When I said “I want the process of making the post to be visible in the post itself,” Claude restructured the entire article around the conversation flow. It understood the meta-level intent: that the medium is the message. No translation tool on earth can handle that kind of nuance.
The Numbers
Let me give you some rough numbers for how long each post takes:
| Step | Time |
|---|---|
| Thinking about what to write | 5-10 min |
| Explaining it to Claude in Korean | 2-3 min |
| Claude writing the first draft | ~30 sec |
| Reading the draft and giving feedback | 5-10 min |
| Claude revising | ~30 sec |
| Final review and “publish it” | 2-3 min |
| Total | 15-25 min |
If I were writing these posts in English myself, each one would take at least 2-3 hours. And the result would be worse — more grammatical errors, less natural flow, more awkward phrasing. The AI is genuinely better at English writing than I am, and I am okay with that.
The Language Barrier Is Gone
This is the part that still feels kind of unreal to me. For my entire career, the English internet has been the bigger market — more readers, more ad revenue, more opportunities. But the language barrier always held me back. Not because I cannot communicate in English, but because I cannot write well in English.
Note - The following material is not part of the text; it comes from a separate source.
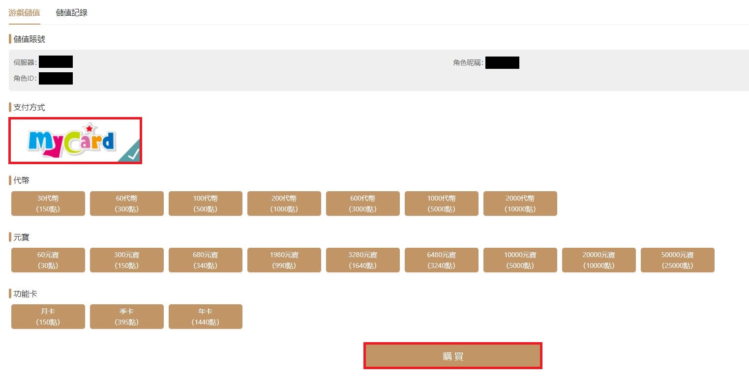 4. 支付方式選擇【MyCard】, 接著選擇欲購買的【商品】, 然後點擊【購買】.

There is a huge difference between being able to order coffee in English and being able to write a blog post that people actually want to read.
AI erased that barrier. Completely. I can now publish English content that reads naturally, has the right tone, and conveys exactly what I want to say — all while thinking and directing entirely in Korean.
If you are a non-native English speaker who has been putting off creating English content, this workflow might change things for you too. You do not need to be fluent in English anymore. You just need to be fluent in your ideas.
How This Post Was Made
This one is extra meta. I told Claude in Korean: “Write a post about how I use you to write blog posts in English.” Claude pointed out the recursion and wrote it anyway. I gave feedback to add more specific examples from our actual conversations and to include the time breakdown table. Claude revised and published.
Total time from “let us write the next post” to published: about 20 minutes. Most of that was me reading and thinking about feedback, not typing.
This post was written with Claude AI. I provided the direction, topic, and key points in Korean — Claude turned it into the article you just read.